Nasce nella seconda metà del ’400, ma diviene un’arte grazie all’illuminata politica di mecenatismo della famiglia de’ Medici, prima con il granduca Francesco I e poi con Ferdinando I, fondatore nel 1588 del glorioso Opificio delle pietre dure. I Medici formarono in particolare nelle manifatture fiorentine le maestranze specializzate necessarie a realizzare la magnifica cappella dei Principi in San Lorenzo, capolavoro di questa tecnica. Con l’intarsio delle pietre dure semipreziose furono realizzate opere di straordinario valore, dai mobili agli oggetti d’arredo, fino a magnifiche copie di quadri figurativi, che resero i maestri fiorentini celebri nel mondo per invenzione e tecnica, fino al tramonto della dinastia medicea e lorenese, alla fine del XIX secolo.

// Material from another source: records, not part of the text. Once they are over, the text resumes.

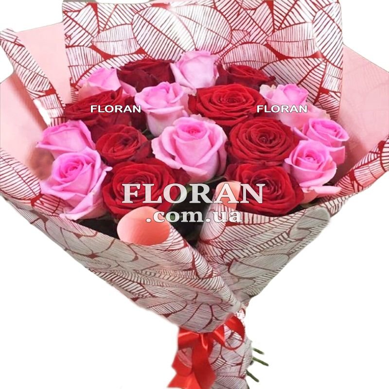 Букет из разноцветных роз - код товара FL-711. Представьте себе яркий и живописный букет из разноцветных роз, состоящий из 17 красных и розовых роз. Этот букет является идеальным сочетанием страсти и нежности, добавляя в вашу жизнь краски и радость. Красные розы, символизирующие страсть и любовь, в сочетании с розовыми розами, которые выражают нежность и романтику, создают прекрасный контраст и гармонию. Этот букет позволит вам выразить свои глубокие чувства и создать особенные моменты вместе с вашим близким человеком.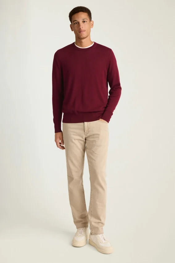 Laine mérinos légère | Corps en jersey | Col raffiné en côtes 1×1 | Poignets et ourlet plus hauts en côtes 1×1 | Bande contrastée cachée à l’intérieur de l’encolure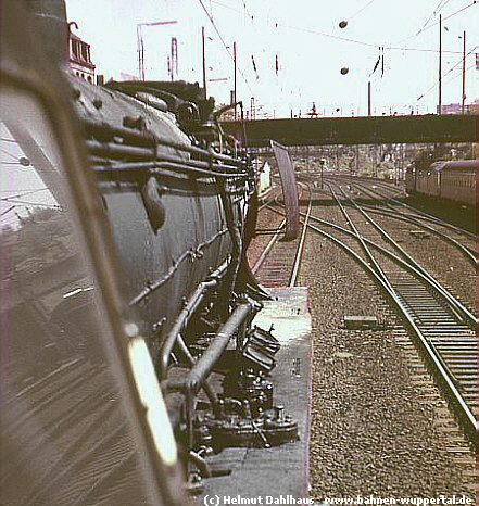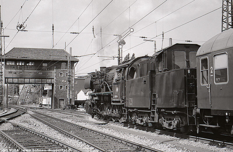 Nicht nur alte Zeiten im Bahnhof Wt-Oberbarmen, sondern auch Urzeiten der Bahnfotografie. Zumindest für einige VOBA-Leute, denn die gingen anno 1965 zum ersten Mal mit der Kamera auf Pirsch. Im Tal war die Strecke zwar seit einem Jahr elektrifiziert, aber einige Dampfleistungen gab es noch. Zu denen gehörten die P-Züge nach Remscheid, die in der Regel von Vohwinkler preußischen T 18 (78.0) bespannt waren. Einige Kurse aus Essen wurden gar mit den Neubaumaschinen der Reihe 65 gefahren. Rechts sind Teile vom Stellwerk Rs (Rittershausen Süd) und Hallen von der Güterverladung zu erkennen, dahinter prangt im Dunst das Wahrzeichen von Heckinghausen, damals noch in Betrieb. Fotoanfänge mit bescheidenen Kameras - wahrscheinlich wie bei so vielen -, aber mit einem speziellen Stellenwert. Foto VOBA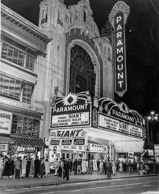 An October 3, 1955 shot by Nat Farbman for Life. Thanks to Jack Tillmany for the date. The Paramount has "Ulysses" with Kirk Douglas" plus a sneak preview that night. The United Artists is running David Lean's "Summertime." The photo appears with Peter Hartlaub's April 14, 2019 Chronicle story "The birth of a Market Street cinema district: Celebrities, crack dens and a coda." Thanks to Bob Ristelhueber for spotting the story.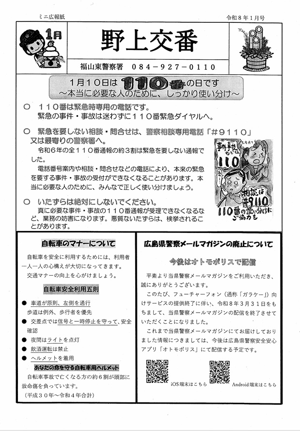 野上交番からのお知らせ 2026年1月6日 最終更新日時 : 2026年1月6日 hikari-user05 野上交番から令和8年1月号のミニ広報誌が発行されました。*画像をクリックしていただくと、拡大表示されます。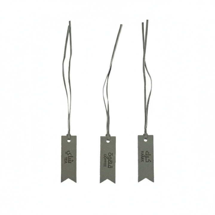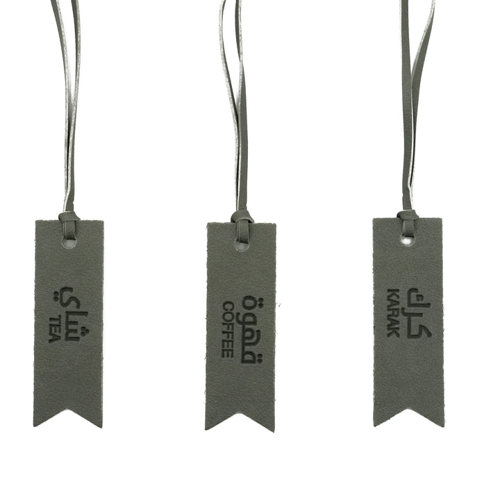 Bring a modern and stylish touch to your beverage service with the S-SE1022 Selsela Leather Flask Tag Set – 3-Piece – Gray. This set includes leather tags for Karak, Tea, and Coffee, crafted in a sleek gray finish with embossed Arabic and English text. These tags add elegance to your serving table while making it easy for guests to identify their favorite drinks.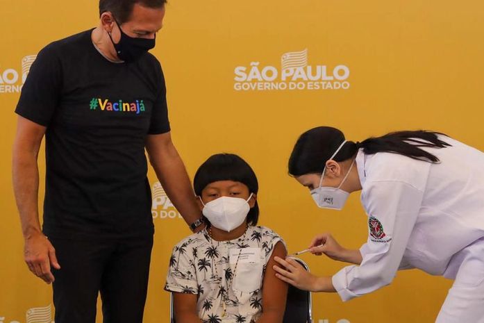O menino Davi, um indígena xavante de 8 anos que mora em Piracicaba, no interior do estado de São Paulo, é a primeira criança na faixa de 5 a 11 anos de idade a ser vacinada no país. Ele recebeu a dose em uma cerimônia simbólica no início da tarde de hoje (14) no Hospital das Clínicas de São Paulo, com a presença do governador de São Paulo, João Doria.
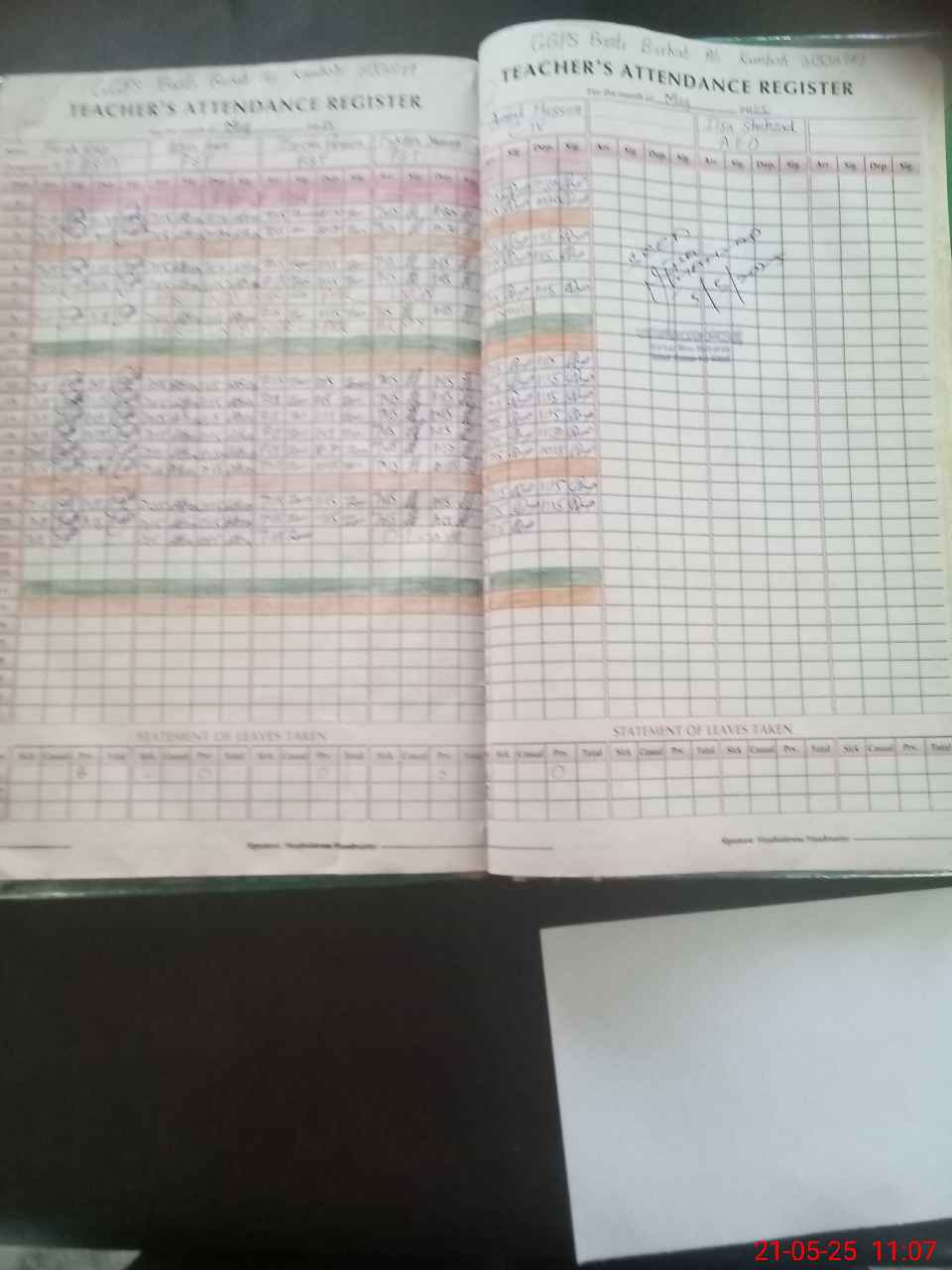 | Attendance Register | Head Teacher | MEA with School | Visit Proof |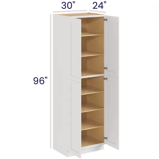White Shaker - Wall Pantry - 30"W x 96"H x 24"D - 4D, 5S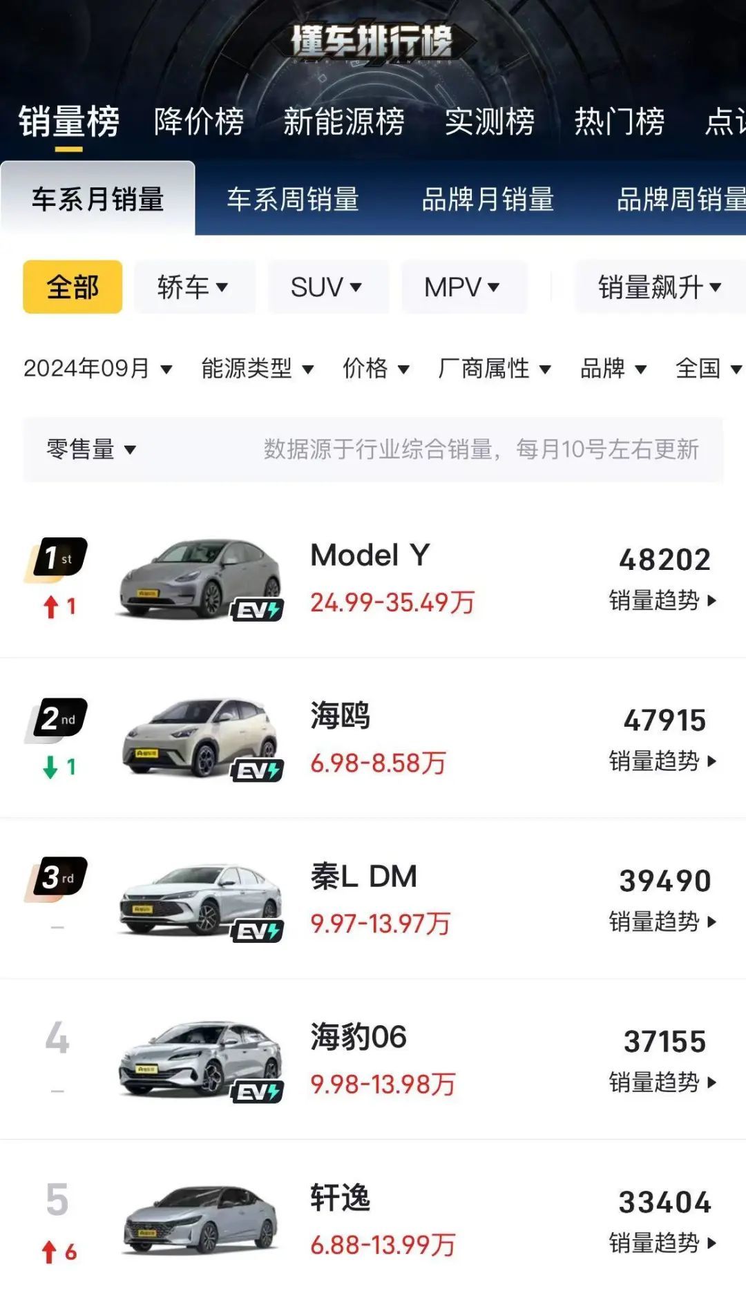 懂车帝显示,在9月零售量排行榜上,Model Y以48202辆的销量夺得第一,这个“第一”的含金量在于不限车型、不限能源类型、不限价格区间,几乎是无差别屠杀,第二名是售价6.98万元起的比亚迪海鸥,第三名是号称工业奇迹续航2100公里的秦L DM。

L’antica e ardua lavorazione del commesso è la stessa che perpetuano ancora oggi i maestri artigiani Renzo e Leonardo Scarpelli, padre e figlio: padroneggiando con ineguagliabile abilità tutte le fasi di questa tecnica preziosa, dalla scelta delle pietre alla macchiatura al taglio, dalla levigatura alla lucidatura, realizzano stupefacenti «pitture di pietra» sfruttando tutte le sfumature e varietà di colore delle pietre naturali. I loro quadri raggiungono una carica espressiva e una delicatezza pittorica che non smette di suscitare meraviglia, perché non ti aspetti tanta bellezza realizzata in un materiale duro e difficile come la pietra... I paesaggi toscani, Firenze e l’Arno, bambini e animali che giocano, scene campestri, marine, nature morte, fiori, gioielli, oggetti e miniature, riproduzioni di quadri famosi... ci emozionano per la loro poesia e perfetta esecuzione. La tecnica è estremamente difficile e infatti i maestri in attività oggi si contano sulle dita di una mano, e con fatica. Come ha dichiarato Renzo, fondatore dell’ormai celebre bottega fiorentina di via Ricasoli, a pochi passi dal Duomo, dall’Accademia di Belle Arti e dall’Opificio, meta di appassionati e turisti da tutto il mondo, il mosaicista deve essere «un po’ artista e un po’ artigiano». Ma aggiunge che «se non ha pazienza, tecnica e talento, è inutile provare: quelle qualità nessuno gliele può dare».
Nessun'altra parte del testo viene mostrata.